Background. Transparent and accessible reporting of COVID-19 data is critical for public health efforts. Each state and union territory (UT) of India has its own mechanism for reporting COVID-19 data, and the quality of their reporting has not been systematically evaluated. We present a comprehensive assessment of the quality of COVID-19 data reporting done by the Indian state and union territory governments. This assessment informs the public health efforts in India and serves as a guideline for pandemic data reporting by other governments.
Methods. We designed a semi-quantitative framework to assess the quality of COVID-19 data reporting done by the states and union territories of India. This framework captures four key aspects of public health data reporting - availability, accessibility, granularity, and privacy. We then used this framework to calculate a COVID-19 Data Reporting Score (CDRS, ranging from 0 to 1) for 29 states based on the quality of COVID-19 data reporting done by the state during the two-week period from 19 May to 1 June, 2020. States that reported less than 10 total confirmed cases as of May 18 were excluded from the study.

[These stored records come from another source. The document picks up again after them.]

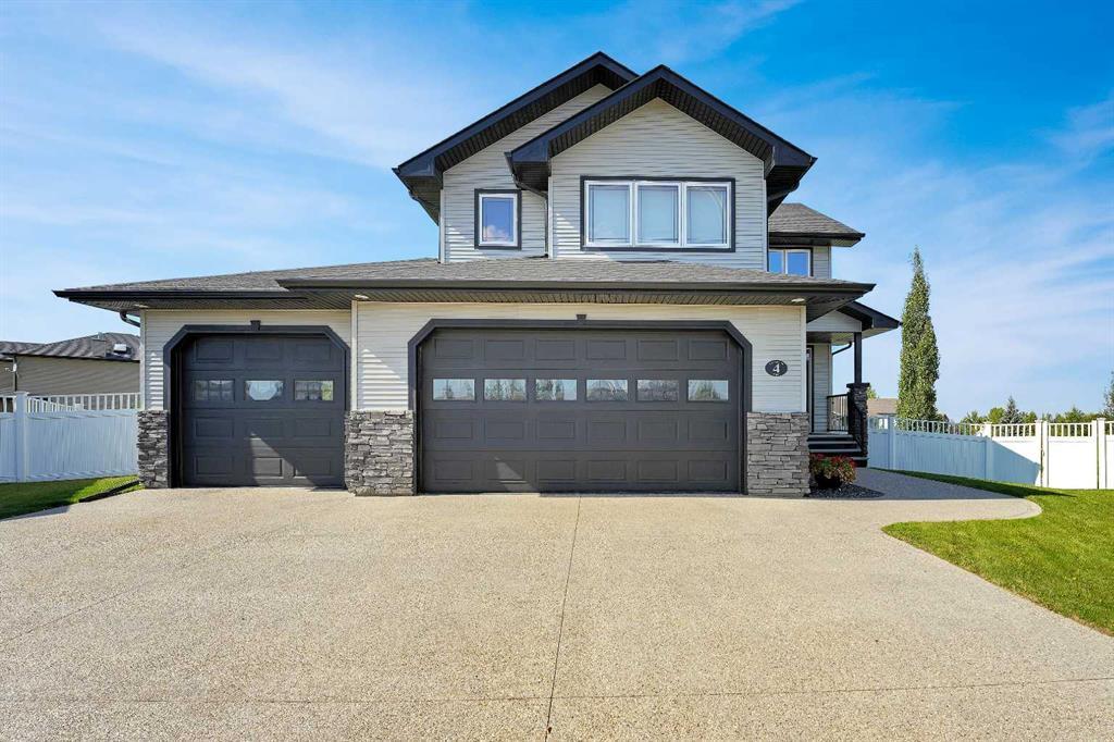 The perfect home for a family that needs SPACE! Exceptional Two story with triple heated garage backing onto greenspace with on a 11,129 sq foot lot! Tucked into the peaceful close in Lakeway Landing this home has it all. With 4 bedrooms, 4 baths and a walk out basement, this would be ideal for a mother-in-law suite. This home shows pride in ownership throughout The large welcoming foyer welcomes you towards the open concept heart of the main floor. The combined kitchen/dining/living area makes the most of the space and is ideal for entertaining or simply spending time together as a family. The kitchen has ample counterspace and cupboard, large island and walk in pantry with a convenient tv above. The fridge is newer with two ice maker and stove was purchased a year and a half ago. The living room is cozy with the gas fireplace, and the dining area leads to the upper balcony over looks the scenic greenspace and walking paths. The laundry is on the main floor with a new counter above the washer & dryer. Upstairs is the oversized bonus room with built in speakers and vaulted ceilings. All the bedrooms are sizeable, one is jack and jilled to the full bathroom. The primary room has a walk-in closet and 5-piece bright ensuite with a jetted tub and his and her sinks. The lower level has a full bath with large storage closet, family room, bedroom and a wet bar. There are many possibilities with this basement. More extras are A/C, irrigation system, new washer & dryer, in floor heat in the garage and basement, new front steps, new garage door openers, new water softener. Garage lovers this is the space for you! The sellers have built a new large storage closet around a full fridge and recently constructed shelving throughout. This massive yard has endless possibilities and access to the paved walking trails and natural setting. 3 Business day clause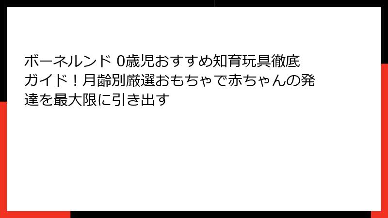ボーネルンド 0歳児おすすめ知育玩具徹底ガイド!月齢別厳選おもちゃで赤ちゃんの発達を最大限に引き出す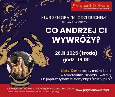 Zapraszamy na wyjątkową andrzejkową zabawę pod hasłem "Co Andrzej Ci wywróży?", która przeniesie uczestników w świat tajemniczych wróżb, magii i radosnej muzyki.  Nie zabraknie również naszego ulubionego DJ POWERA, który porwie nas na parkiet. Czekają na Państwa miła atmosfera, drobny poczęstunek i ciekawe wróżby. Zapraszamy!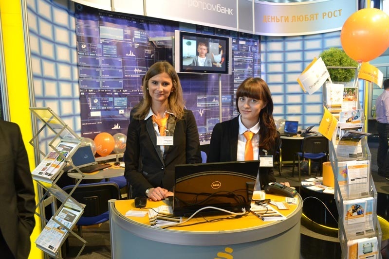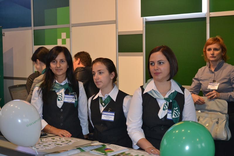 Трастбанк и Белгазпромбанк тоже ударили по безналу. Первый раздает флаеры, позволяющие стать участником акции «За полцены», в рамках которой посетители выставки могут превратиться в держателей престижной карты VisaGold всего за $20 без размещения гарантийного депозита (в данном случае 500 000 рублей).Обворожительные представительницы Белгазпромбанка раздают на выставке скидочные купоны на оформление платежной карты со скидкой 50%.
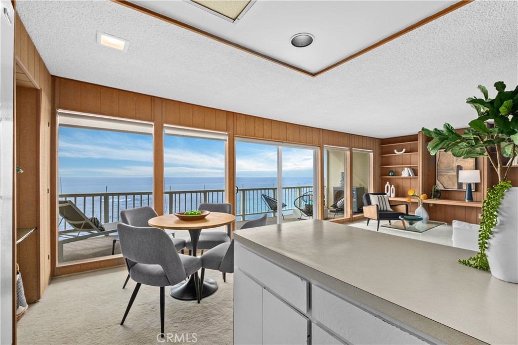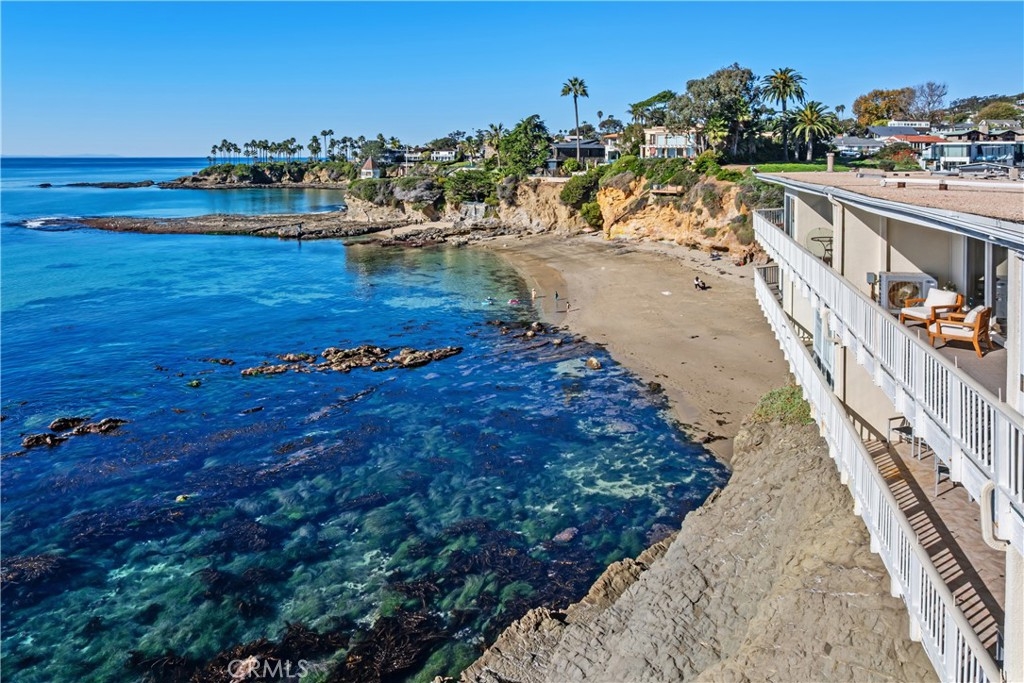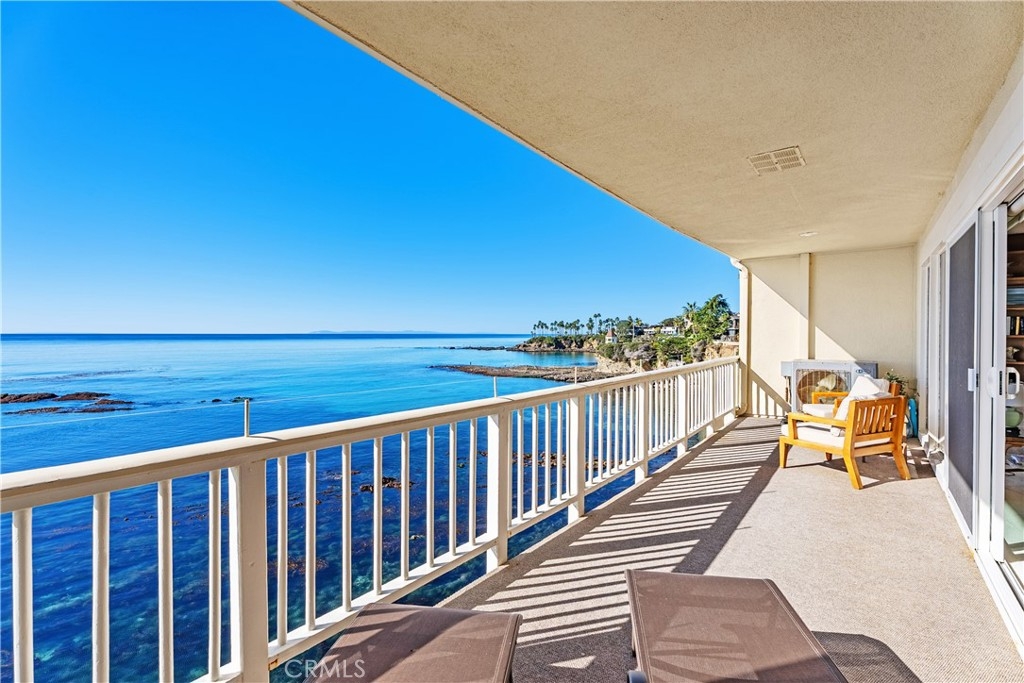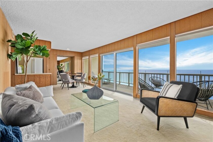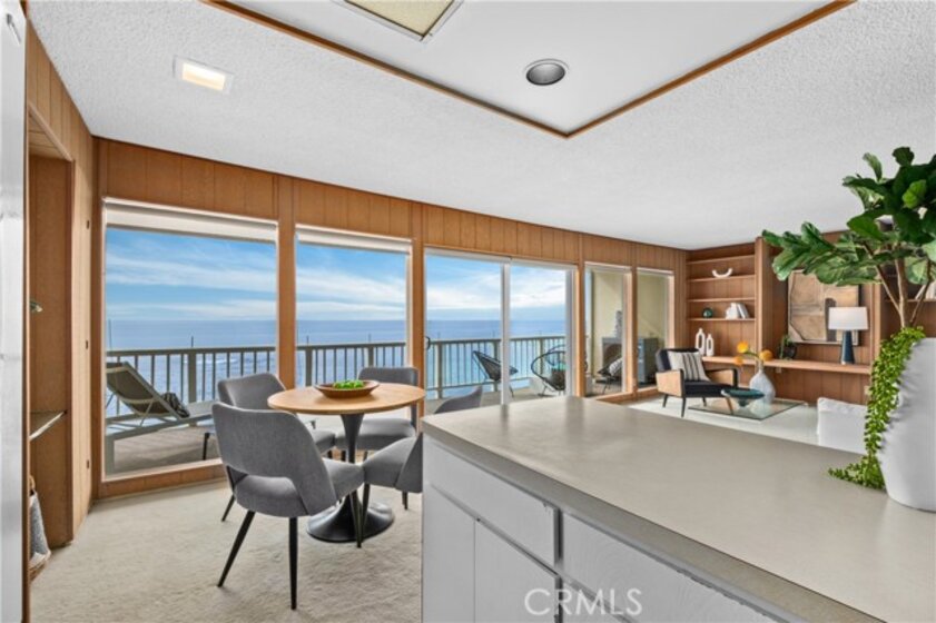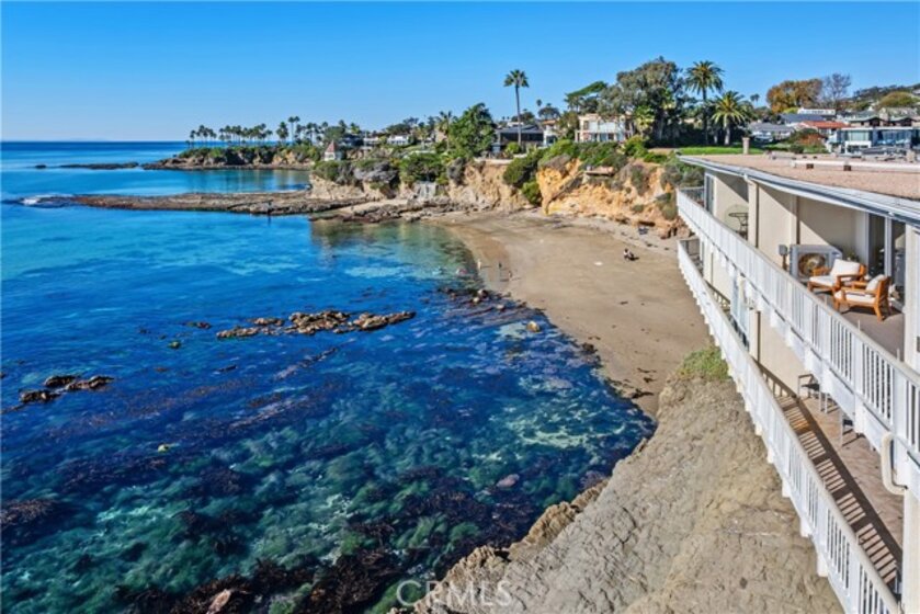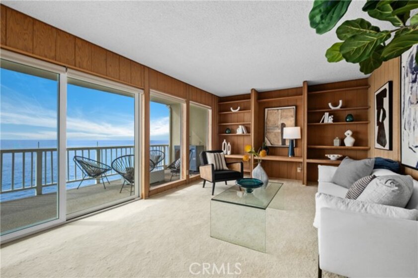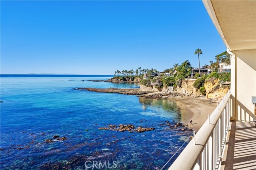 631 Cliff Drive is a rare front-row oceanfront residence, held by the same family since 1971 and positioned directly above the surf in one of Laguna Beach’s most coveted bluff-top communities. This single-level, top-floor two-bedroom, two-bath condominium offers approximately 950 square feet of living space with unobstructed, panoramic views of whitewater, coastline, and sunsets from the main living areas and a full-width, ocean-facing balcony. Perched at the cliff’s edge, the home enjoys a dramatic, front-row vantage point where the sound and motion of the Pacific are ever-present. The balcony spans the width of the residence and extends directly over the rocks and water below, creating a rare sense of being suspended above the coastline. The living and dining areas are oriented directly toward the ocean, forming a seamless connection between the interior and the dramatic coastal setting outside. The interior retains its original character, featuring custom wood shelving and period paneling, offering a unique opportunity for a buyer to reimagine the space while honoring its timeless setting and extraordinary location. Ideally situated between Divers Cove and Boat Canyon, the property provides immediate access to some of Laguna Beach’s most iconic coves, beaches, and coastal walking paths. The gated community features a pool, secure parking, and private direct beach access, further enhancing this exceptional oceanfront offering. 631 Cliff Drive represents a truly irreplaceable opportunity to own a legacy bluff-top property in one of Southern California’s most sought-after coastal settings—where location, view, and history converge.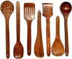 Smarts collection Wooden Cooking Spoon Set of 7 | 2 Frying, 1 Serving, 1 Spatula, 1 Chapati Spoon, 1 Desert, 1 Rice | Rosewood Utensils | Brown Disposable Wooden Table Spoon (Pack of 1) Kitchen Tool Set (Brown, Cooking Spoon)
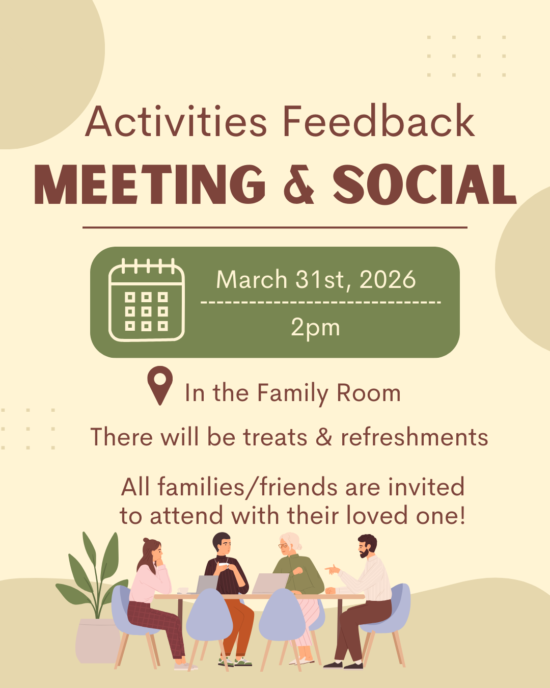 Starting at 10:00 am in the Country Kitchen. Coming to connect with other family members and caregivers.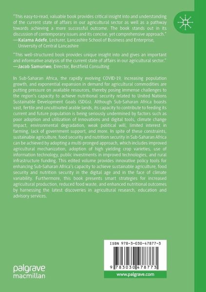 In Sub-Saharan Africa, the rapidly evolving COVID-19, increasing population growth, and exponential expansion in demand for agricultural commodities are putting pressure on available resources, thereby posing immense challenges to the region's capacity to achieve nutritional security related to United Nations Sustainable Development Goals (SDGs). Although Sub-Saharan Africa boasts vast, fertile and uncultivated arable lands, its capacity to contribute to feeding its current and future population is being seriously undermined by factors such as poor adoption and utilization of innovations and digital tools, climate change impact, environmental degradation, weak political will, limited interest in farming, lack of government support, and more. In spite of these constraints, sustainable agriculture, food security and nutrition security in Sub-Saharan Africa can be achieved by adopting a multi-pronged approach, which includes improved agricultural mechanization, adoption of high yielding crop varieties, use of information technology, public investments in improved technologies, and rural infrastructure funding. This edited volume provides innovative policy tools for enhancing Sub-Saharan Africa's capacity to achieve sustainable agriculture, food security and nutrition security in the digital age and in the face of climate variability. Furthermore, this book presents smart strategies for increased agricultural production, reduced food waste, and enhanced nutritional outcomes by harnessing the latest discoveries in agricultural research, education and advisory services.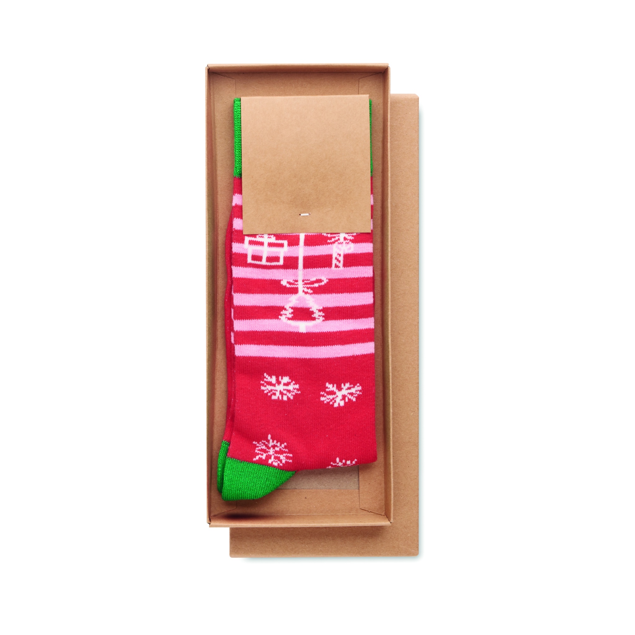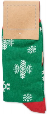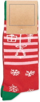 Ett par julstrumpor i 75 % bomull, 23 % RPET polyester och 2 % spandex. Levereras i presentask. Storlek M = 38-42.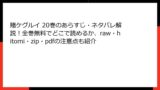 この記事では、漫画「ゲーム悪役貴族に転生した俺は、チート筋肉で無双する」をraw、hitomi、zip、pdf、漫画バンクなどの海賊版サイトで読むことのリスクについて、詳しく解説します。海賊版サイトは一見便利に見えますが、さまざまな危険が潜んでいます。法的問題からセキュリティの脅威まで、読み応えのある内容でまとめました。海賊版の利用は避け、合法的な手段を選ぶことを強くおすすめします。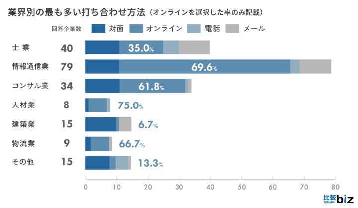 下図の業界別で見ると「士業」は「情報通信業」と比べ「メール」の割合が多く、「建築業」は「対面」が67%と、業界によって打ち合わせ方法が大きく異なることがわかります。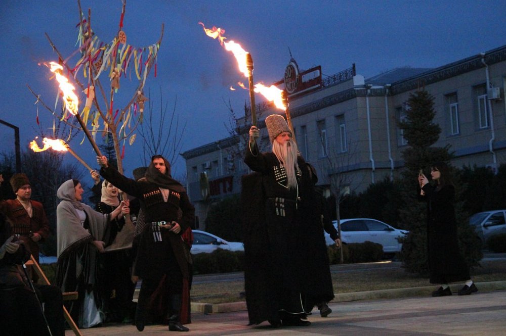В этот вечер природа тоже была милостива к людям и не затушила ритуальных факелов ни дождем, ни сильным ветром. По традиции, факельное шествие, украсившее площадь ритуальным деревом, возглавил старец, который известил всех о начале праздника. Согласно народному поверью, огонь, зажженный от его факела, обладал чудодейственной силой и уберегал от болезней и злых сил.
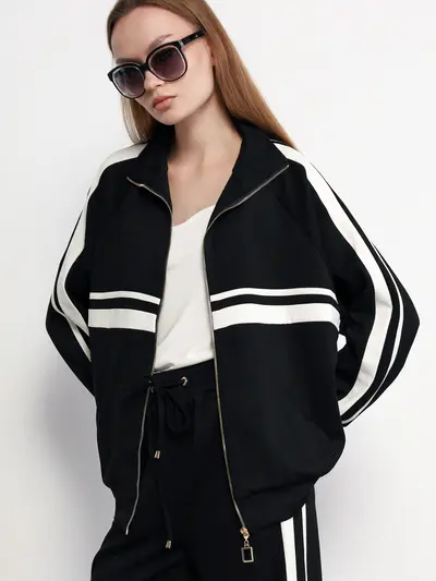 Куртка трикотажная темно-коричневого цвета прямого кроя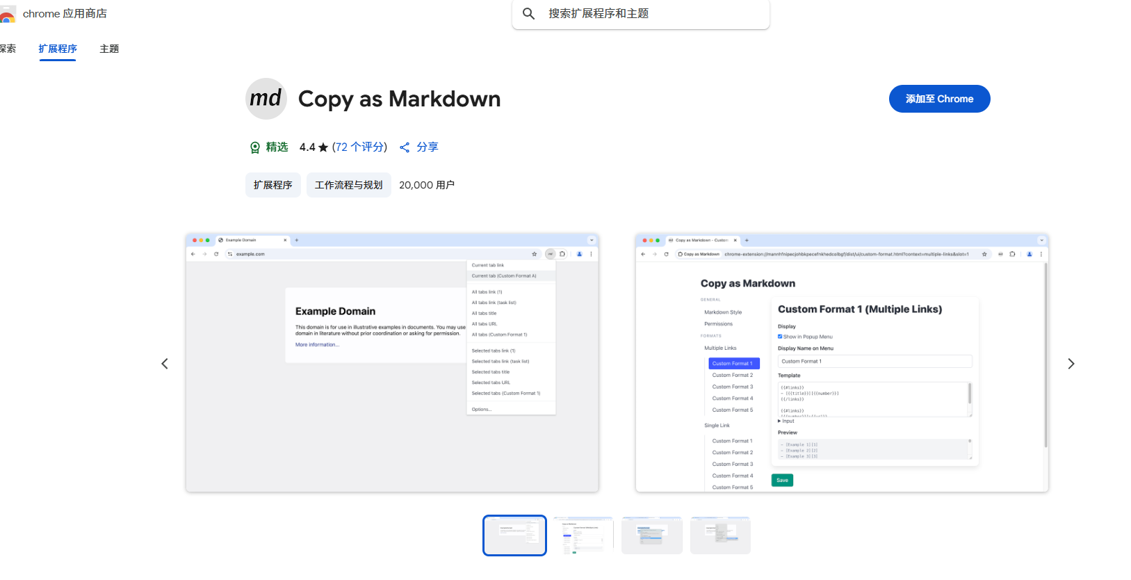 Copy as Markdown 是一个 Chrome 扩展程序,可以帮助您将以下内容作为 Markdown 复制到系统剪贴板: - 当前选项卡作为链接 - 页面上的链接 - 如果链接中包含图像,复制的 Markdown 将采用该图像作为链接文本。 - 页面上的图像 - 所有选项卡作为链接列表 - 选择链接列表的选项卡 您还可以自定义键盘快捷键,无需单击鼠标即可复制选项卡的链接。 - 已知问题 - 复制图像时无法抓取 image.alt - 在 Microsoft Windows 上,复制的页面链接不附带链接标题

Findings. Our results indicate a strong disparity in the quality of COVID-19 data reporting done by the state governments in India. CDRS varies from 0.61 (good) in Karnataka to 0.0 (poor) in Bihar and Uttar Pradesh, with a median value of 0.26. Only ten states provide a visual representation of the trend in COVID-19 data. Ten states do not report any data stratified by age, gender, comorbidities or districts. In addition, we identify that Punjab and Chandigarh compromised the privacy of individuals under quarantine by releasing their personally identifiable information on the official websites. Across the states, the CDRS is positively associated with the state's sustainable development index for good health and well-being (Pearson correlation: r=0.630, p=0.0003).
Interpretation. The disparity in CDRS across states highlights three important findings at the national, state, and individual level. At the national level, it shows the lack of a unified framework for reporting COVID-19 data in India, and highlights the need for a central agency to monitor or audit the quality of data reporting done by the states. Without a unified framework, it is difficult to aggregate the data from different states, gain insights from them, and coordinate an effective nationwide response to the pandemic. Moreover, it reflects the inadequacy in coordination or sharing of resources among the states in India. Coordination among states is particularly important as more people start moving across states in the coming months. The disparate reporting score also reflects inequality in individual access to public health information and privacy protection based on the state of residence.
Funding. J.Z. is supported by NSF CCF 1763191, NIH R21 MD012867-01, NIH P30AG059307, NIH U01MH098953 and grants from the Silicon Valley Foundation and the Chan-Zuckerberg Initiative.